Single by Marv Johnson

from the album Marvelous Marv Johnson
- B-side: "Don't Leave Me"
- Released: 1959
- Recorded: 1959
- Genre: R&B
- Length: 2:30
- Label: United Artists
- Songwriters: Tyran Carlo, Gwen Fuqua, Berry Gordy Jr., Marv Johnson

Marv Johnson singles chronology
| "I'm Coming Home" (1959) | "You Got What It Takes" (1959) | "I Love the Way You Love" (1960) |

= You Got What It Takes =

"You Got What It Takes" is a 1959 single by Marv Johnson. In the US it reached number 2 on the Black Singles chart, and number 10 on the Billboard Hot 100 early in 1960. In the UK Singles Chart it reached a high of number 7. The original recording of "You Got What It Takes" was by Bobby Parker on Vee-Jay 279 in 1958. Parker claims to have written the song, and his name is on the 1958 recording, but later versions credit Berry Gordy, Gwen Gordy, Billy Davis, and sometimes Marv Johnson.

Parker told the Forgotten Hits newsletter in 2008:

I wrote 'You've Got What It Takes,' that was MY song. Even had the Paul Hucklebuck Williams band playing on it behind me... And then Berry Gordy just stole it out from under me, just put his name on it. And what could I do? I was just trying to make a living, playing guitar and singing, how was I going to go on and fight Berry Gordy, big as he was, and Motown Records? There wasn't really nothing I could do about it – it was just too big and I didn't have any way to fight them...

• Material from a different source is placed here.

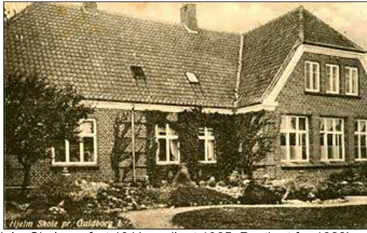
Hjelm Skole, opført 1911, nedlagt 1965. Postkort fra 1920'erne?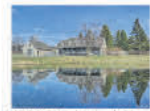
MELBOURNE , domaine de 80 acres, maison spacieuse, écurie 5 stalles, entrepôt à machinerie, garage, lac, 850 000$ Nouveau prix!

==Other notable recordings==

- A contemporary cover version by Johnny Kidd and the Pirates entered the UK charts the same week in 1960 as Marv Johnson's version and reached number 25.
- A 1967 cover of the song by the Dave Clark Five reached number 7 in the United States and number 28 in the UK.
- A rock and roll cover by Showaddywaddy reached number 2 in the UK in 1977.
- Anne Murray included a cover of the song on her 1979 album New Kind of Feeling.